No Child Left Behind Toolkit

October 8, 2004

As public school parents and guardians, many of have a vision of what schools could be. In this vision, schools are caring communities where children are valued and challenged and parents are seen as true partners, from the level of their own children?s education to the process of making important decisions about the school. For some of us, the reality is not far from this vision. But to others, the school doors are closed. These schools can be places of frustration and failure not only for children, but also for their parents. With the advent of the key federal education law known as "No Child Left Behind" (NCLB), parents -- and schools -- have a chance to start over. In answer to parents? desire for more responsive schools, NCLB builds on and strengthens parent involvement provisions from an earlier version of the law, and adds new requirements for schools and districts. For example, schools must include parents in creating and carrying out school improvement plans. Schools must report information to parents, about their children and about the school. In some schools, parents must be offered new options, such as the choice to transfer their children to another school or to obtain free tutoring for them.
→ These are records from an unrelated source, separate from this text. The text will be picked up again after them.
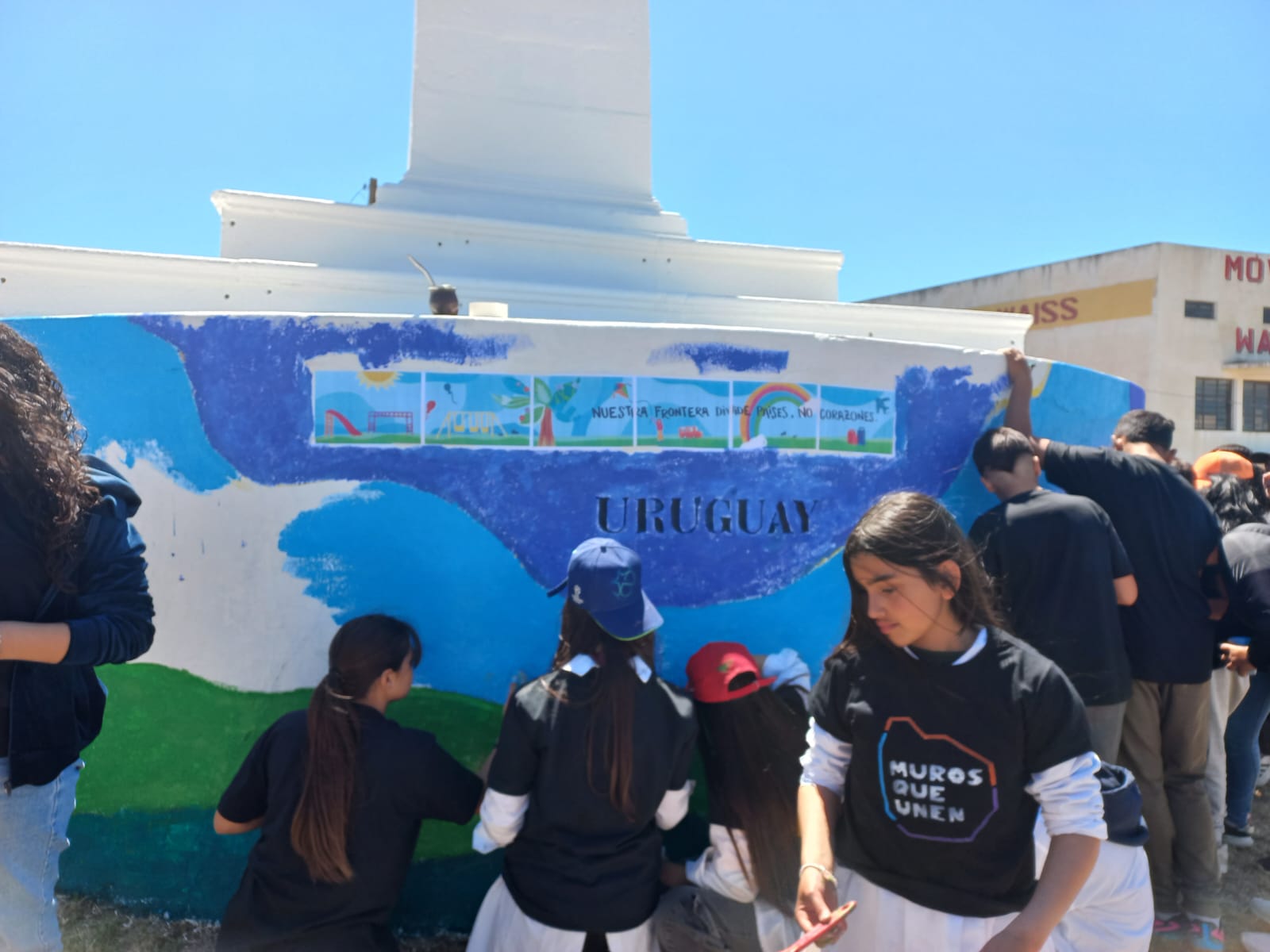 A atividade integrou o projeto interinstitucional “Muros que Unem”, coordenado pela Direção Nacional de Educação do MEC, pela ANEP, pela Organização dos Estados Ibero-Americanos (OEI) e pela Organização Internacional para as Migrações (OIM). Estiveram presentes o Prof. Luis Lereté, Coordenador de Educação Artística do MEC, e o Inspetor Departamental de Educação Inicial e Primária de Cerro Largo, Marcelo Alvariza, que acompanharam o desenvolvimento das ações.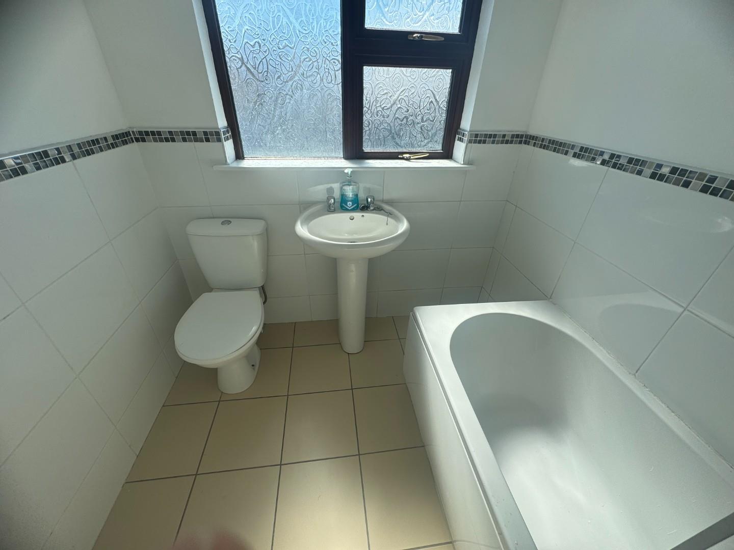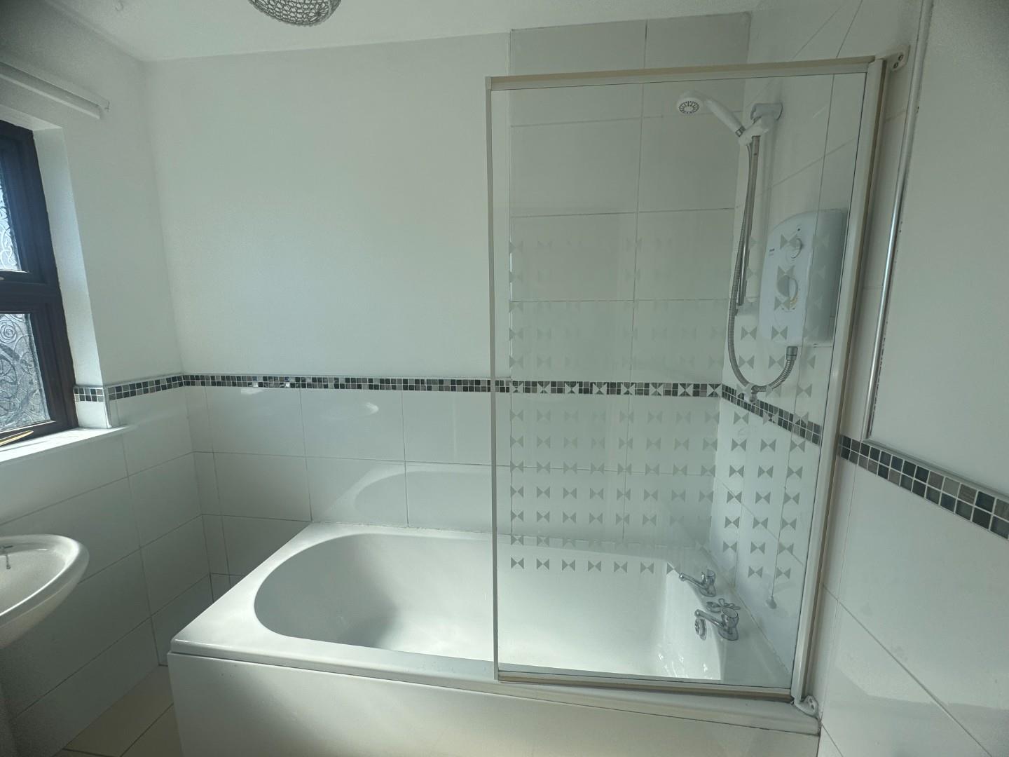 White suite comprising LFWC, pedestal wash hand basin, panel bath and new electric shower above it, with glass shower screen, tiled floor and part tiled wall.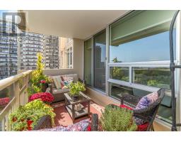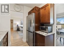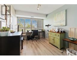 Welcome to The Oaks, a highly regarded Falgarwood condominium community. This tastefully renovated suite offers 1044 sq. ft., 2 bedrooms and 1.5 bathrooms of thoughtfully designed living space. The beautifully updated kitchen is the heart of the home, featuring new SS appliances (2024), granite countertops, pot drawers and built-in wine rack. A separate sun filled dining room and an inviting living room which opens to a large, private balcony with unobstructed southern exposure and lake views. Recent major updates ensure a move-in ready experience: 2018 windows, balconies 2016/17, both bathrooms renovated in 2020 (including a 2-piece ensuite), updated electrical panel, and a 2015 furnace/ AC. The interior boasts luxurious laminate flooring throughout, a space saving LG thinQ dual washer/dryer, Hunter Douglas solar blinds, California shutters in both bedrooms, and functional California closet in the primary bedroom. The meticulously managed, non-smoking building offers an impressive amenity array: indoor pool, saunas, fitness centre, golf room, workshop, and party room. Underground electric vehicle (EV) charging stations are available. One underground parking spot and locker are included. Enjoy a truly maintenance-free lifestyle perfectly nestled near ravine trails, shopping, restaurants, Sheridan College, and major highways and local bus routes within 100 metres of the building. (id:47351)
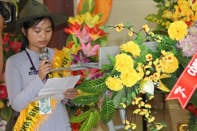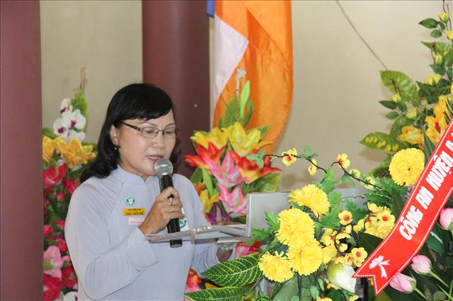 Huynh trưởng Cấp Tấn: Tâm Ngọc - Nguyễn Thị Minh Nguyệt thay mặt Phân Ban GĐPT tỉnh Thừa Thiên Huế phát biểu chúc mừng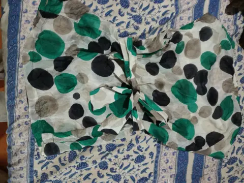 Linda blusa de Zara ,de seda , blanca,con lunares verdes y negros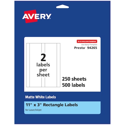 Avery Laser/Inkjet Rectangle Multipurpose Labels, 11" x 3", White, 500 Labels/Box (94265)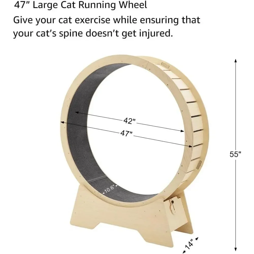 - PROTECT YOUR CAT’S SPINE: specially designed 47″ large cat wheel to give your cat exercise while ensuring that your cat’s spine doesn’t get injured. If the diameter of the cat wheel is too small, the curvature of your cat’s spine will be dangerous. Please purchase your wheel based on cat length, not age or weight. A 47″ diameter or larger cat wheel is the only safe cat wheel for your cat.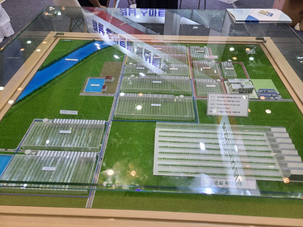 具体的には、韓国の「スマートファーム革新バレー事業」の概要を示す部分について、慶南スマートファーム革新バレーの全体像を示した模型の写真が引用されています。よろしくご笑覧ください。
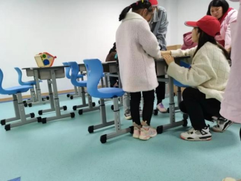 在此过程中,之前接触过志愿者的小朋友立马就认出了她们,跑上前抓住了志愿者的小手。而其他小朋友也与自己喜欢的志愿者组队,进行一对一的陪伴教学:志愿者利用手中的知识卡片教导小朋友们学习关于动物的知识,小朋友们也积极主动地配合,与志愿者们一起认识动物、练习单词;除此之外,志愿者还利用橡皮泥加深小朋友们对动物的认识,并鼓励他们自己动手从而培养动手能力。在保障孩子们安全的同时,志愿者还与他们进行了一些趣味游戏,如练字、拼图大赛、敲门小游戏等。轻松愉快的互动环节不仅增进了志愿者和孩子们的情感交流,也让他们孤独的内心对外敞开了一扇窗。尽管志愿者们与孩子们并不相熟,但此刻志愿者们仿佛就像是他们的亲人一般,细心地照顾着他们。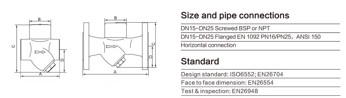 疏水閥內有一個閥片,既是敏感件又是動作執行件。當裝置啟動時,管道出現冷卻凝結水,凝結水靠工作壓力推開閥片,迅速排放。當凝結水排放完畢,蒸汽進入疏水閥內,蒸汽的體積迅速擴大,蒸汽比凝結水的流速大,使閥片上下產生壓差,閥片在蒸汽流速的吸力下迅速關閉。當閥片關閉時,閥片受到兩面壓力,閥片下面的受力面積小于上面的受力面積,因疏水閥汽室里面的壓力來源于蒸汽壓力,所以閥片上面受力大于下面,閥片緊緊關閉。當疏水閥汽室里面的蒸汽降溫成凝結水,汽室里面的壓力消失。凝結水靠工作壓力推開閥片,凝結水又繼續排放,循環工作,間斷排水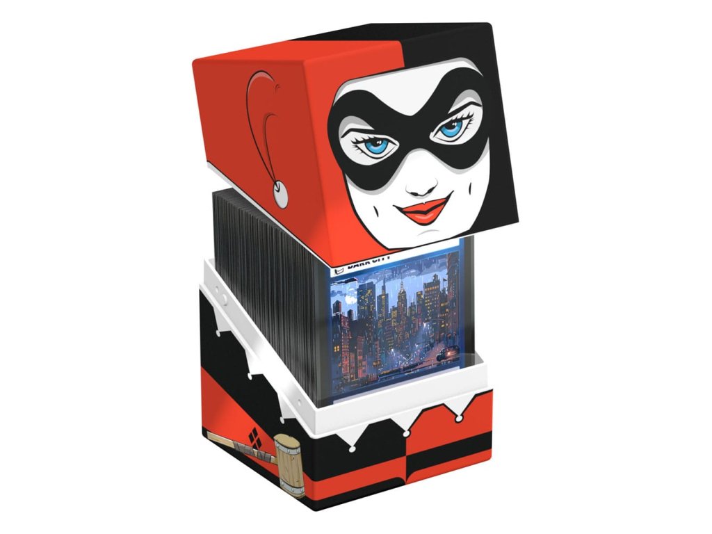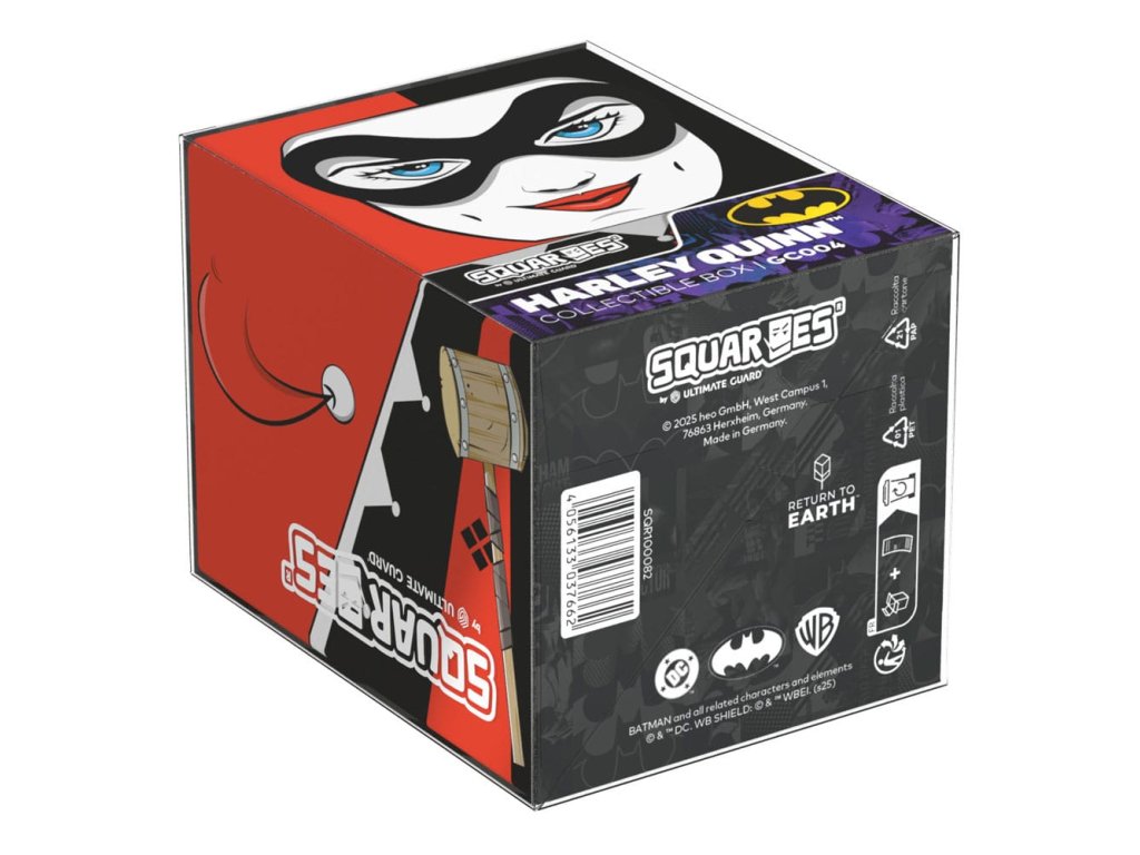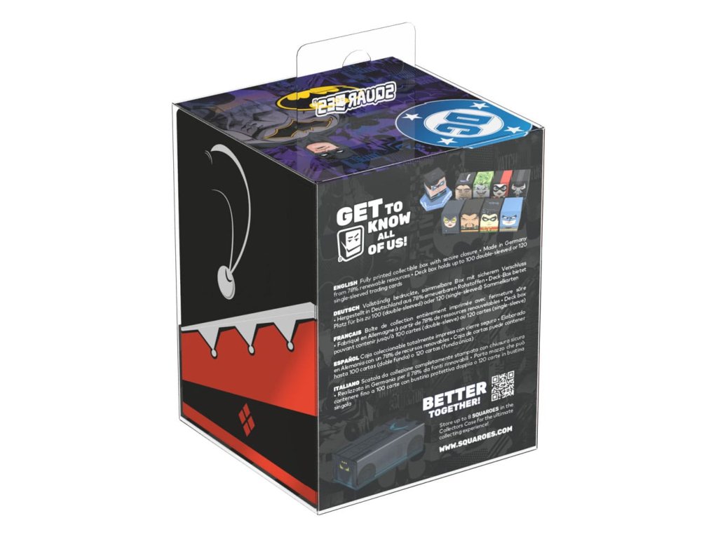 Gyűjtőszekrény TCG paklik, társasjáték-kiegészítők és/vagy gyűjtemények tárolására. A Harley Quinn Squaroe a Batman: Gotham City kiadásból akár 100 kártya is elfér dupla védőhüvelyben, ha kártyadobozként használod. A Squaroe 78%-ban megújuló nyersanyagokból készült, és tökéletesen elfér a külön kapható gyűjtőtokba.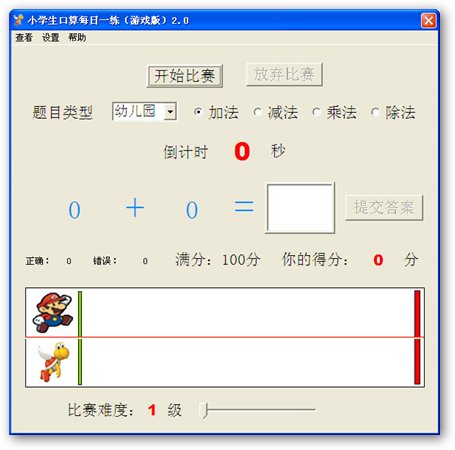 小學(xué)生口算每日一練游戲版 2.0 免費(fèi)版 小學(xué)生口算每日一練游戲版可以用于3-10歲小朋友口算訓(xùn)練使用。小學(xué)生口算每日一練游戲版的功能包括:加法訓(xùn)練、減法訓(xùn)練、乘法訓(xùn)練、除法訓(xùn)練。軟件可以設(shè)置題目難度、題目數(shù)量、答題時(shí)間等信息。

And for the first time, "parent involvement" is defined, as "regular, two-way, meaningful communication" between parents and schools. The Pittsburgh Council on Public Education, a local education fund, created a Toolkit to help parents make the most of these opportunities. Some of the "tools" are intended to help you help children, while others are designed to support you as a partner in improving your school. One frequent criticism of NCLB is that it focuses on testing, rather than on resources and practices that have been shown to increase student achievement.